Content starts

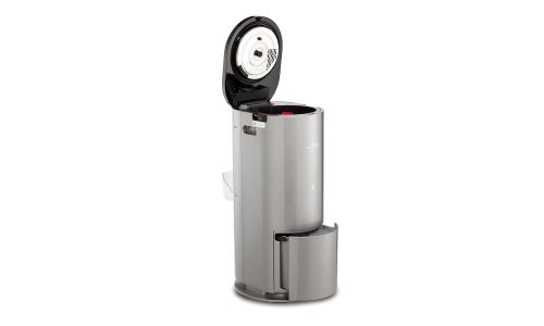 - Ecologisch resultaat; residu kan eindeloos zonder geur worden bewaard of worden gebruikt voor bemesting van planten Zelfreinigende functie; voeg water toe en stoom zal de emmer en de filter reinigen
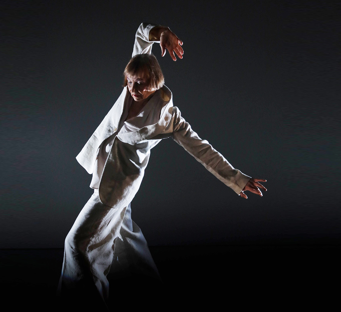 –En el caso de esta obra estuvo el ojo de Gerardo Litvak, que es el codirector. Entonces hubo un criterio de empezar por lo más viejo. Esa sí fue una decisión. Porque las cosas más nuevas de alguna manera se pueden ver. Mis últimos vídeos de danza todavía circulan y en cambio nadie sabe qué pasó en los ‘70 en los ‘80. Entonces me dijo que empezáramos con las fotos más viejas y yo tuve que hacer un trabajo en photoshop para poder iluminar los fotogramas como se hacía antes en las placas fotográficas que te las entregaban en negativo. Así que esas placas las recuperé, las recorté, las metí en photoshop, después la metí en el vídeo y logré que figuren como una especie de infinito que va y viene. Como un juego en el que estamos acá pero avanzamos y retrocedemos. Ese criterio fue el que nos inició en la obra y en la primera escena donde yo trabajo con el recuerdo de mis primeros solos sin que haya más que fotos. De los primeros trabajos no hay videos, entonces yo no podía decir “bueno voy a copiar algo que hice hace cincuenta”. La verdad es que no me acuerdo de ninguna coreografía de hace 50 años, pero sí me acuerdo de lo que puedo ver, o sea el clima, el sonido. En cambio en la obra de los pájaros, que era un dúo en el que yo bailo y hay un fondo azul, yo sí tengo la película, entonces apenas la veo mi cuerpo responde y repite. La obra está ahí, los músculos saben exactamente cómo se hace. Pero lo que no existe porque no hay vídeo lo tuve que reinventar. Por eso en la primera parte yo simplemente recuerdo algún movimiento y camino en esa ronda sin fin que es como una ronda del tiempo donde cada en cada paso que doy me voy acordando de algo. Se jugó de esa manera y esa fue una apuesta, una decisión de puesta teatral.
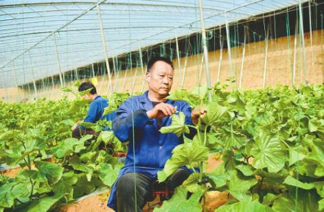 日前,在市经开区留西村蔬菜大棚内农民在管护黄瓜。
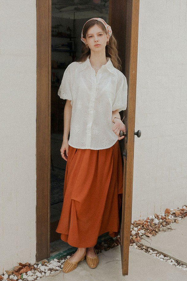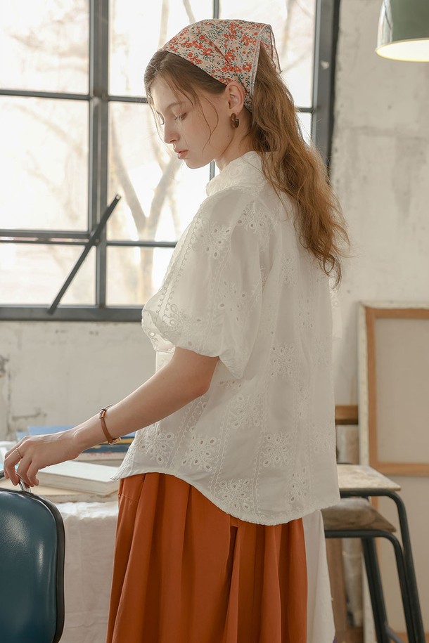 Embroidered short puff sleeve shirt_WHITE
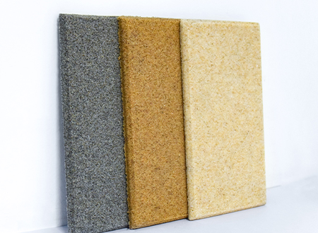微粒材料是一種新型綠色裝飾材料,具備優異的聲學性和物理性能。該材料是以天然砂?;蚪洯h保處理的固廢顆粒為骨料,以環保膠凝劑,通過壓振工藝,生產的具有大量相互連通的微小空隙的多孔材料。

Content ends
Content starts

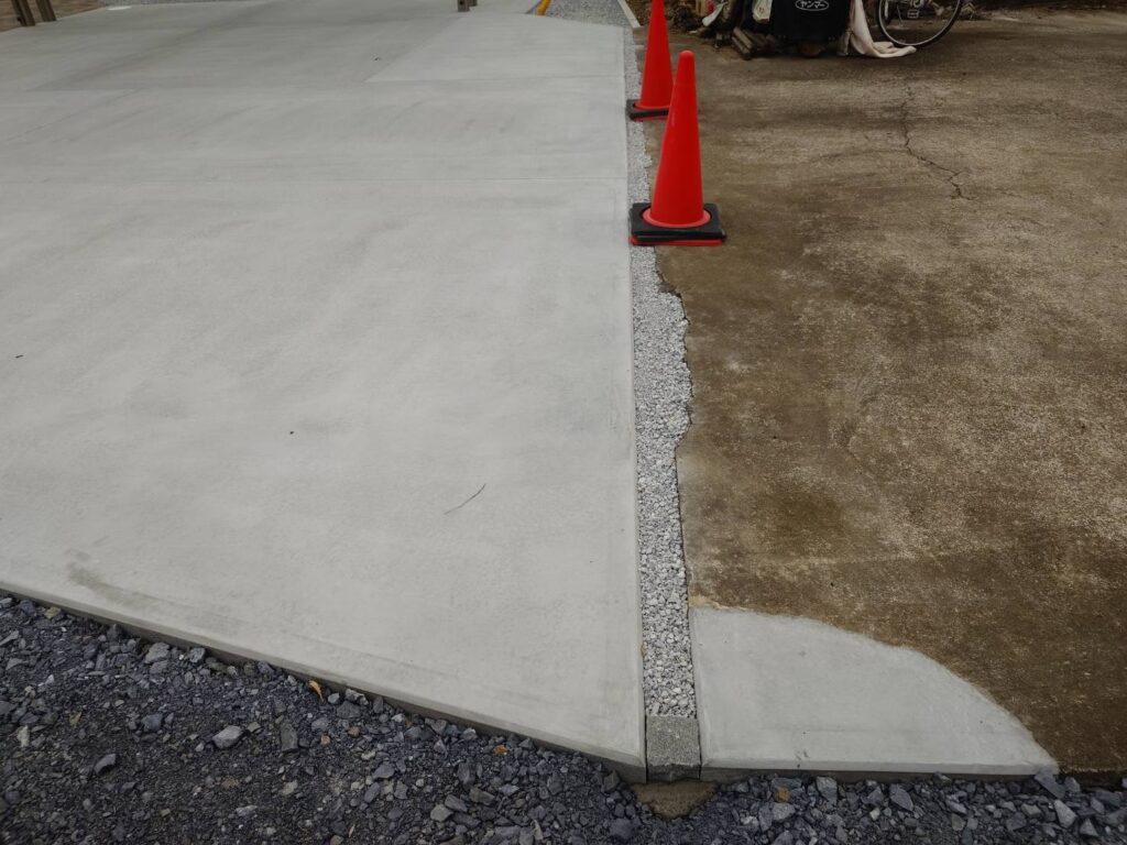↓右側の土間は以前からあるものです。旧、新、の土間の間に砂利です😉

Content ends
Content starts

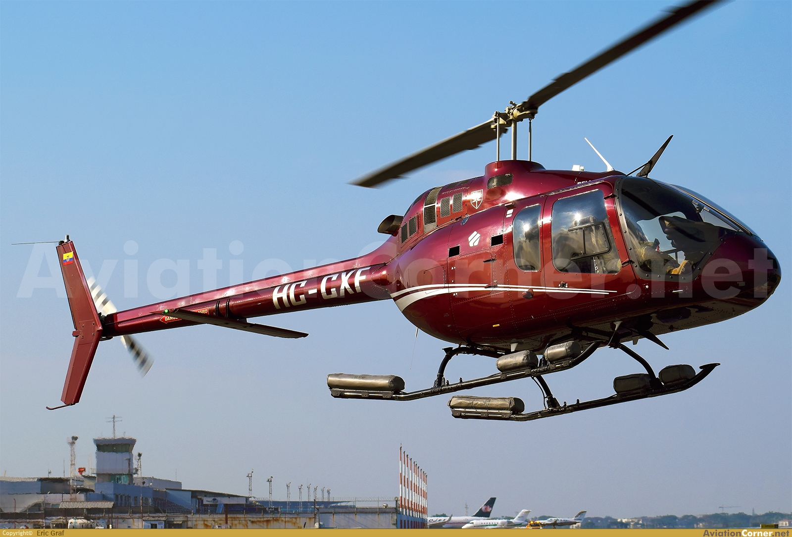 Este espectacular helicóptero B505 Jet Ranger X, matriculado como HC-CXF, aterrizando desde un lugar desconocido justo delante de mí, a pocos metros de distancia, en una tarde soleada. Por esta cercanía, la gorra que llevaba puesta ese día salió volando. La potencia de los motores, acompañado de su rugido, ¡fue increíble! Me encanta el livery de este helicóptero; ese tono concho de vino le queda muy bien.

Content ends

#### Activity
Write out again exactly the lines above from the one with "日前,在市经开区留西村蔬菜大棚内农民在管护黄瓜。" through the one with "微粒材料是一種新型綠色裝飾材", adding no other lines and no pictures.

#### Your response
 日前,在市经开区留西村蔬菜大棚内农民在管护黄瓜。
 Embroidered short puff sleeve shirt_WHITE
微粒材料是一種新型綠色裝飾材料,具備優異的聲學性和物理性能。該材料是以天然砂?;蚪洯h保處理的固廢顆粒為骨料,以環保膠凝劑,通過壓振工藝,生產的具有大量相互連通的微小空隙的多孔材料。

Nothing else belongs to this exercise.